Lagi-lagi setan menjadi satu-satunya terdakwa atas segala tuduhan Tuhan atas
kesalahan yang telah aku buat.
Ungkapan ”aku
hanya manusia biasa yang tak luput dari dosa” bukannya menyadarkanku lama-lama
malah menjadi tameng untuk membuatku lebih kreatif dalam beralibi, dan menciptakan
modus bahwa ”itu hanya dosa kecil, Tuhan kan maha pemaaf” . BAH!
Aku selalu
berdoa pada Tuhan, “Ya Tuhan..aku sungguuh berlindung pada-Mu dari godaan setan
yang terkutuk..”.
Mungkinkah
suatu saat harus kuganti isi do’aku dengan memohon perlindungan dari godaan “aku”
yang terkutuk?
Bukankah segala
macam godaan pada mulanya datang dari diri sendiri?
Kembali aku
tegaskan, setan hanya memfasilitasi segala macam niatan busuk sekecil apapun. Ibarat
maling yang diberi kuasa penuh atas kunci rumah yang penuh dengan bongkahan
permata didalamnya.

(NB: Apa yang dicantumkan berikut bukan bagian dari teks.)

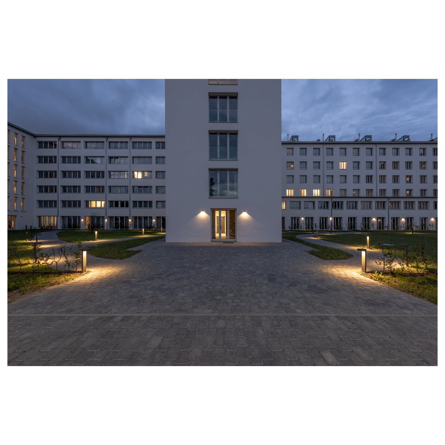 Lampadaire carré QUADRASYL 75 en aluminium peint. Produit convenant à une utilisation en extérieur, grâce à son indice de protection IP44. Le raccordement électrique de ce modèle, disponible en deux coloris, s'effectue directement sur la tension secteur 230 V. Une boîte de connexion est disponible en option, pour un raccordement électrique sûr dans la tige du luminaire. Pour faciliter le montage, le lampadaire est livré avec un kit d'ancrage pour béton. La série QUADRASYL comporte également des appliques murales, pour une utilisation universelle.
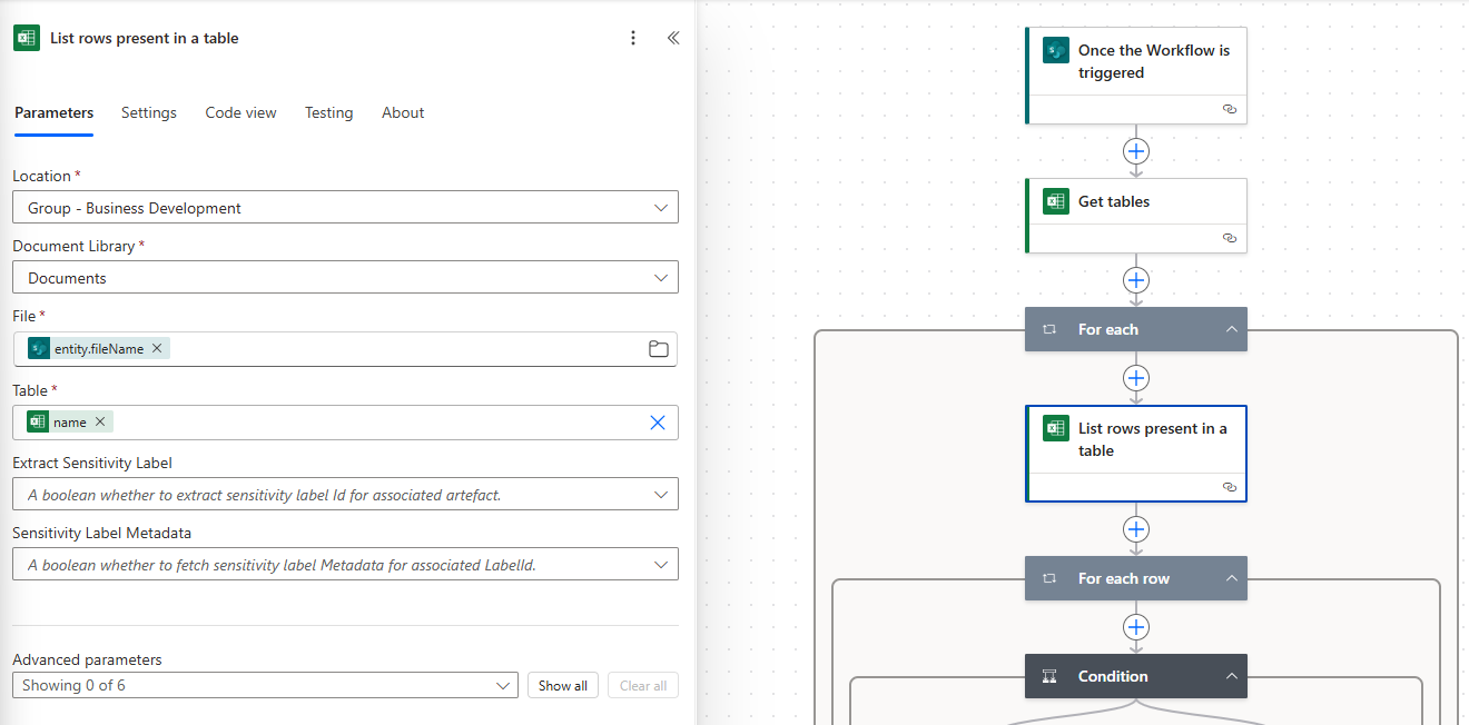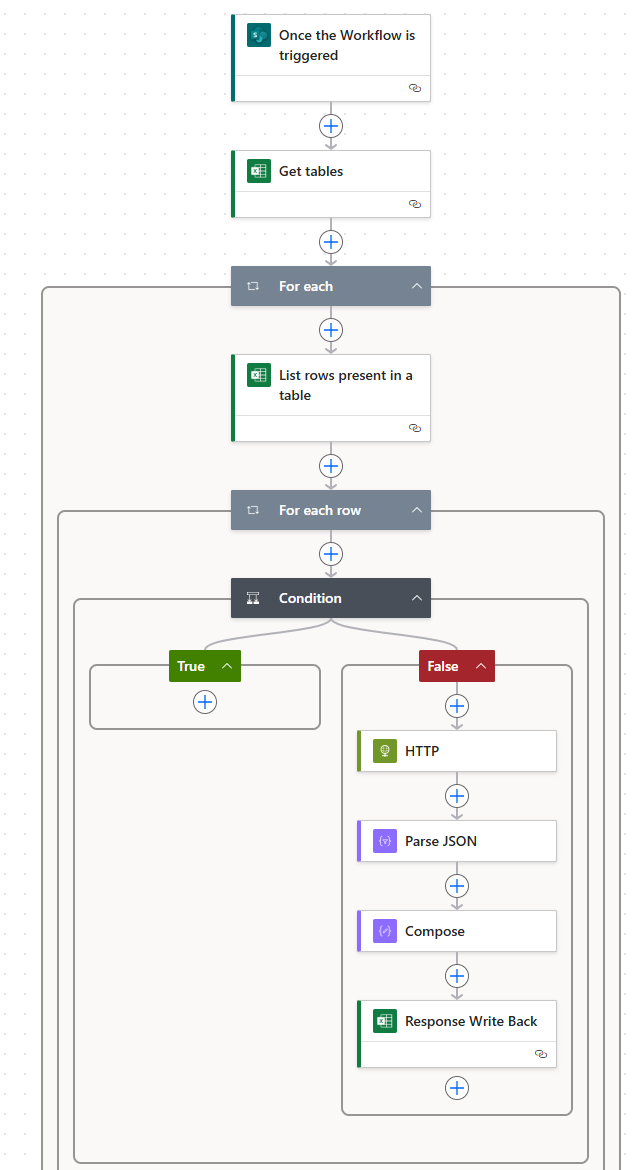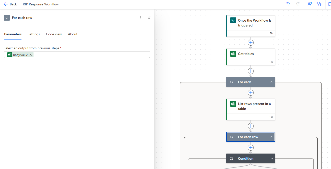 Der Workflow ist an eine bestimmte Dokumentbibliothek in SharePoint Online gebunden. Wird er manuell für eine Excel-Datei ausgelöst, durchsucht er die enthaltenen Tabellen nach der Spalte „Frage“. Die Tabelle muss außerdem die Spalte „Antwort“ enthalten, in die die Antwort zurückgeschrieben wird. Anschließend wird jeder fragliche Wert zeilenweise zur Beantwortung an die RheinInsights Retrieval Suite gesendet. Die JSON-Antwort wird analysiert und in Excel zurückgeschrieben.
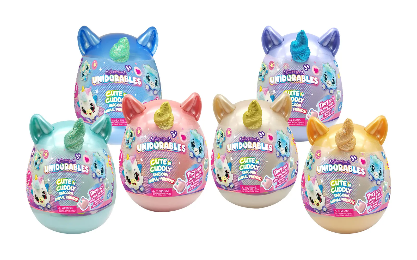 Unidorables su preslatni jednorozi, skriveni u čarobnom jajetu, punom iznenađenja! Svako jaje sadrži plišanog jednoroga i fantastična iznenađenja. Dostupno je 6 različitih dizajna za kolekcioniranje i igru.
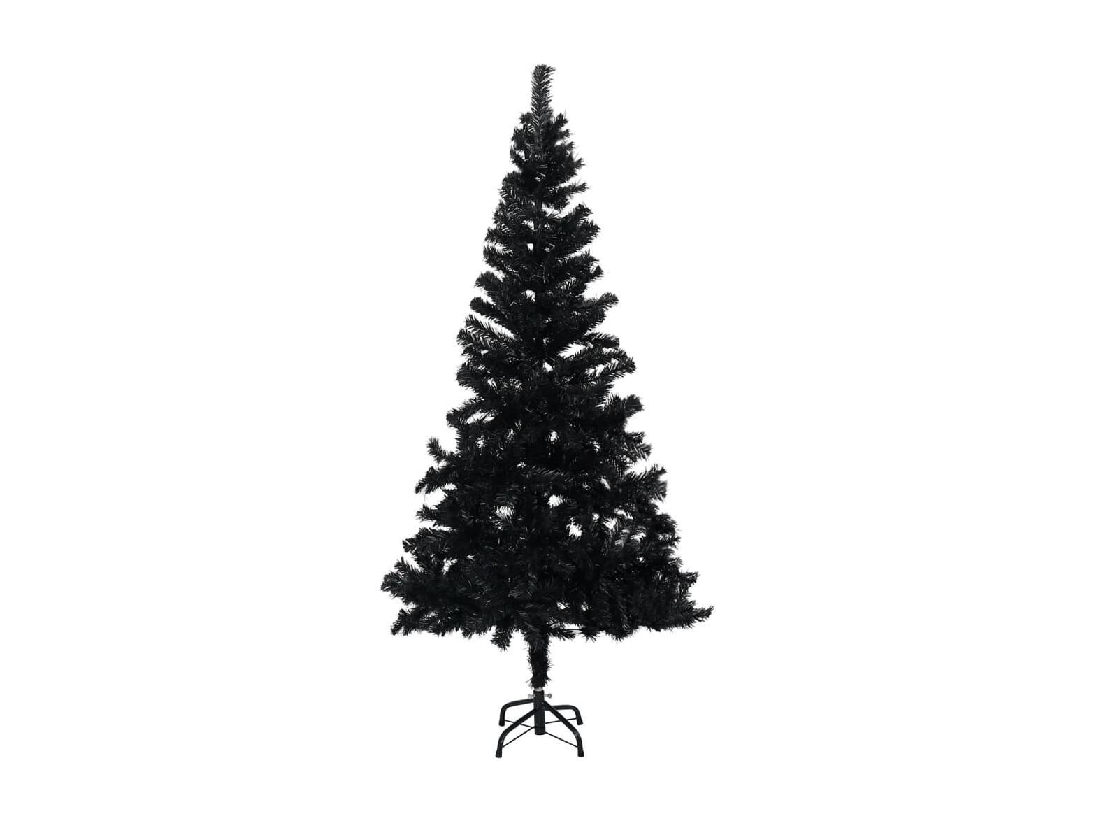 Beleuchteter künstlicher Weihnachtsbaum und Kugeln, schwarz, 210 cm, PVC
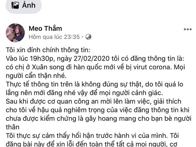 Theo đó, khoảng 18h35’ ngày 27/2, trên trang Facebook “Meo Thắm” đã đăng tải bài viết với nội dung “Mọi người ơi! Ở Xuân Song có chị đi Hàn Quốc về bị virus corona rồi. Chị về trước khi bệnh phát tán, tưởng không bị ai ngờ giờ lại bị... chắc chị tiếp xúc cũng khá nhiều người rồi. Mọi người cẩn thận nhé”.
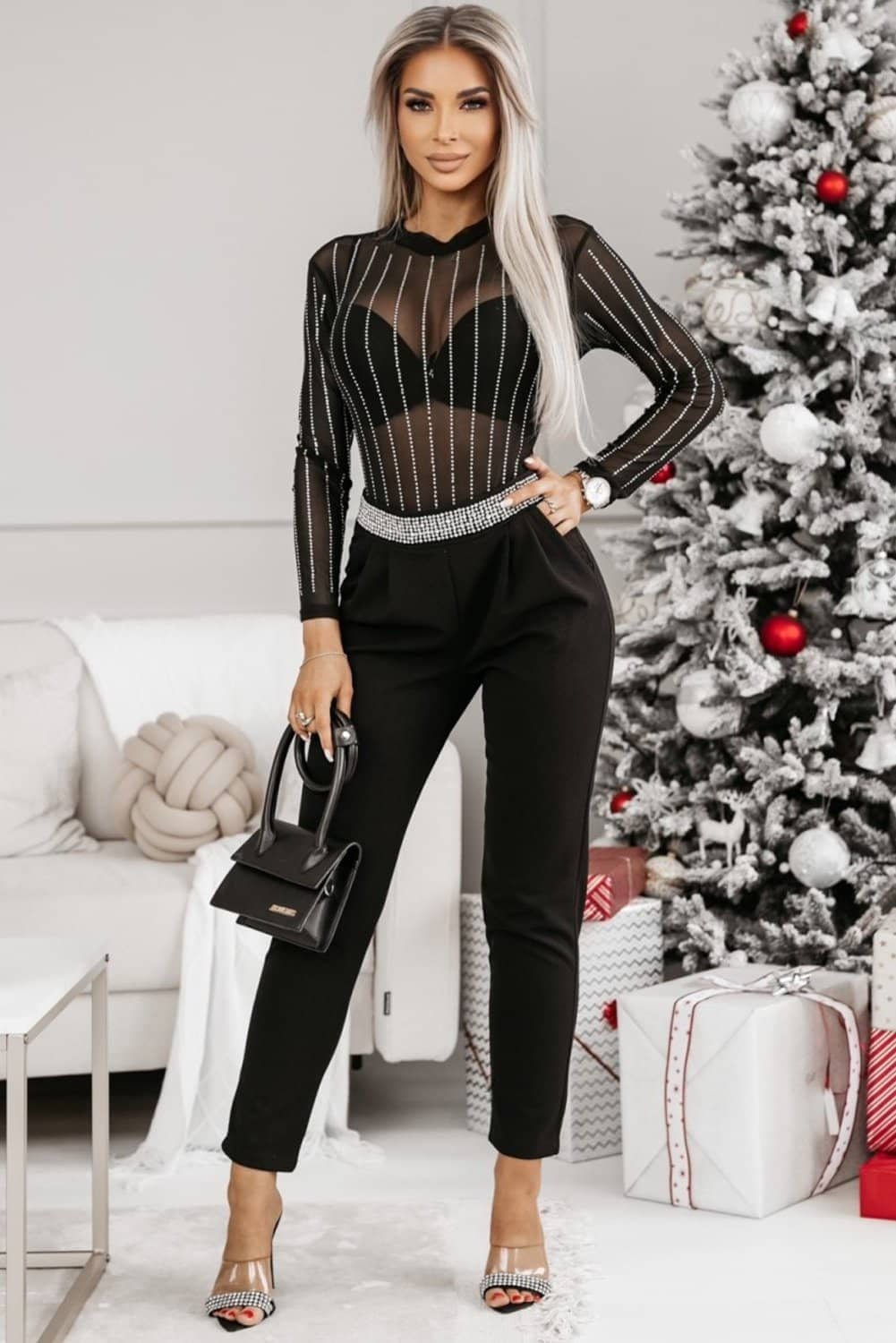 - Stunning rhinestone striped embellishments for a glistening look.
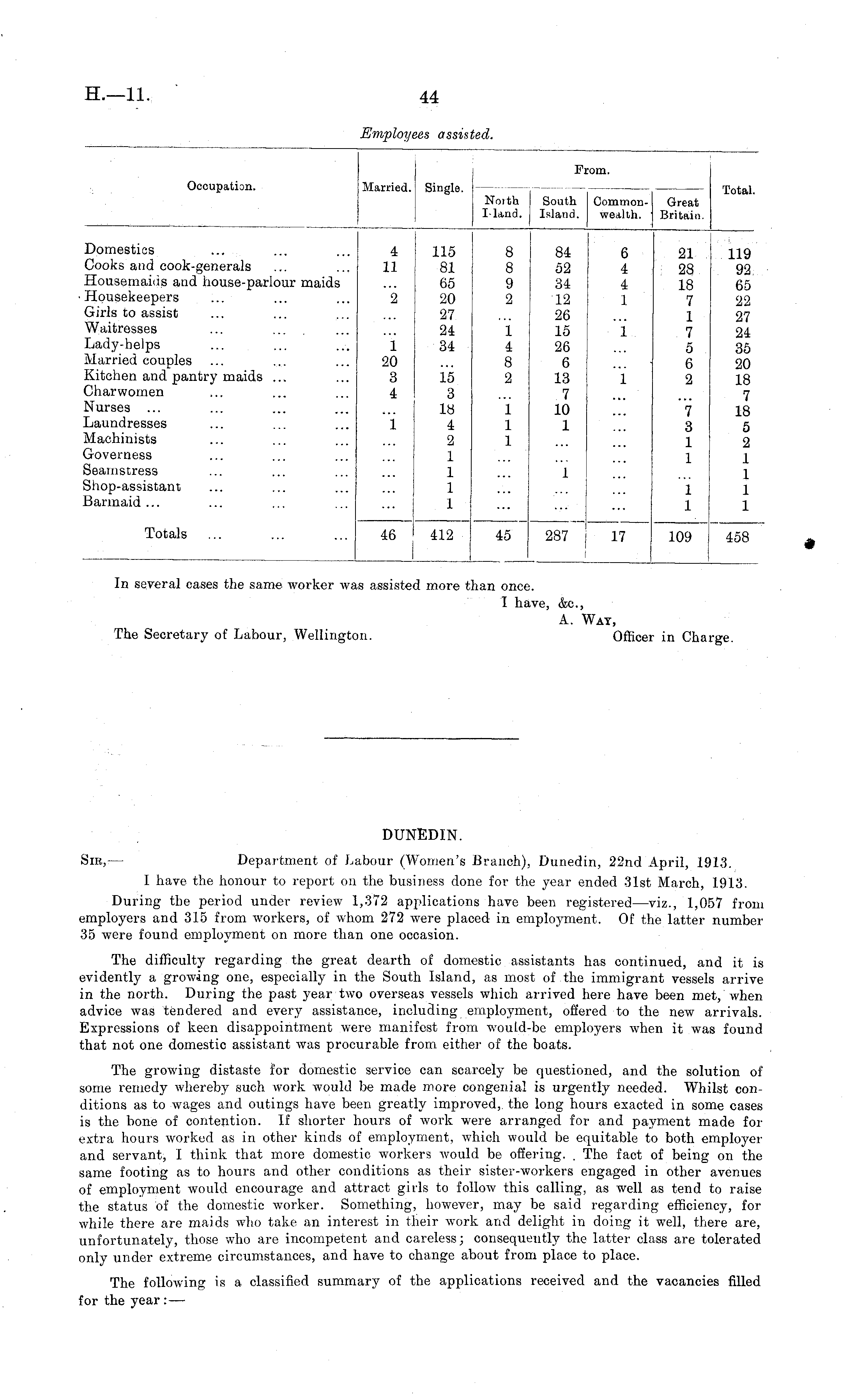 DUNEDIN. Sir, — Department of Labour (Women's Branch), Dunedin, 22nd April, 1913. I have the honour to report on the business done for the year ended 31st March, 1913. During the period under review 1,372 applications have been registered—viz., 1,057 from employers and 315 from workers, of whom 272 were placed in employment. Of the latter number 35 were found employment on more than one occasion. The difficulty regarding the great dearth of domestic assistants has continued, and it is evidently a growing one, especially in the South Island, as most of the immigrant vessels arrive in the north. During the past year two overseas vessels which arrived here have been met, when advice was tendered and every assistance, including employment, offered to the new arrivals. Expressions of keen disappointment were manifest from would-be employers when it was found that not one domestic assistant was procurable from either of the boats. The growing distaste for domestic service can scarcely be questioned, and the solution of some remedy whereby such work would be made more congenial is urgently needed. Whilst conditions as to wages and outings have been greatly improved,, the long hours exacted in some cases is the bone of contention. If shorter hours of work were arranged for and payment made for extra hours worked as in other kinds of employment, which would be equitable to both employer and servant, I think that more domestic workers would be offering. The fact of being on the same footing as to hours and other conditions as their sister-workers engaged in other avenues of employment would encourage and attract girls to follow this calling, as well as tend to raise the status of the domestic worker. Something, however, may be said regarding efficiency, for while there are maids who take an interest in their work and delight in doing it well, there are, unfortunately, those who are incompetent and careless; consequently the latter class are tolerated only under extreme circumstances, and have to change about from place to place. The following is a classified summary of the applications received and the vacancies filled for the year : —

Tak mungkin
maling tersebut akan membiarkan berlian itu utuh begitu saja ditempatnya bukan?
Mungkin seperti itu relasi yang dekat antara aku dan setan dalam diriku.
Boleh jadi
aku tak mengenal setan-setan diluar sana. Terserah seperti apa cara mereka
dalam menggoda otak manusia. Aku hanya bicara soal sekompeni setan yang
bersarang dalam liang hatiku.
Kadang,
setan menjebakku dengan cara yang seolah-olah mengarahkanku pada kebaikan. Padahal..
ada sombong yang terselip didalamnya.
Hal yang
seperti itu bagiku sangatlah sepele, padahal dalam agama yang begitu tegas
batas hitam dan putihnya sama sekali tidak mentolerir se-sepele apapun
kesalahan. Hitam ya hitam. Putih ya putih. Belum ada sejarahnya tiba-tiba agama
menghalalkan yang haram. Pun sebaliknya. Tuhan begitu tegas soal yang satu ini.
Namun
setan, dengan segala tipu dayanya terlalu sering berhasil membuat aku
membolak-balik hitam menjadi putih, putih menjadi hitam, adapun hitamku semakin
suram jadinya dengan sedikit sentuhan si setan itu tadi.
Sudah saatnya
aku berkenalan dengan setan ini (baca: dengan aku sendiri). Tak pernah bosan
Tuhan berteriak lantang tentang kompensasi bagi setiap buih perbuatan yang
telah aku lakukan. Adapun janji-Nya adalah surga bagi si putih, dan neraka bagi
si hitam.
Jelaslah
setan menggodaku terus-menerus. Mereka ingin aku temani di neraka sana, mengingat
Tuhan menciptakan mereka dengan jumalah yang terbatas jika dibandingkan dengan
manusia. Mereka hanya tak ingin kesepian. Mungkin seperti itu. Maaf jika
pemahamanku kurang tepat dibagian ini.
Sedemikian
jelas janji Tuhan kepadaku. Lantas apa yang aku tunggu?
Setan masih
ada dalam diriku. Akupun masih belum bisa memisahkan aku dengan sisi setanku.
Kembali mencuat
pertanyaan dalam benakku, untuk Tuhan pastinya, ”mengapa KAU ciptakan aku
dengan dua wajah HITAM dan PUTIHku jika KAU hanya ingin agar aku mengikuti
perintah-MU, untuk kemudian mendapatkan janji surga yang KAU tawarkan untukku?”
Dari sini
mungkin dapat kusimpulkan, bahwa hidup di dunia ini adalah untuk berjuang. Bukan,
bukan berjuang melawan setan, tapi ini tentang perjuangan melawan DIRI SENDIRI,
dan sekompeni SETAN yang selalu ada dibelakang aku, kita, yang selalu
bersemangat untuk mengajak kita ke neraka.
Hidup ini
lucu.
Agama ini
lucu.
Tuhan....
entahlah, rahasia-Mu selalu memunculkan pertanyaan baru dalam benakku.
Selalu begitu.
Malang, 9
agustus 2012
Good. :)
ReplyDeletekadang kita perlu berterimakasih pada setan (baca: nama sebenarnya), karena darinya kita banyak belajar :)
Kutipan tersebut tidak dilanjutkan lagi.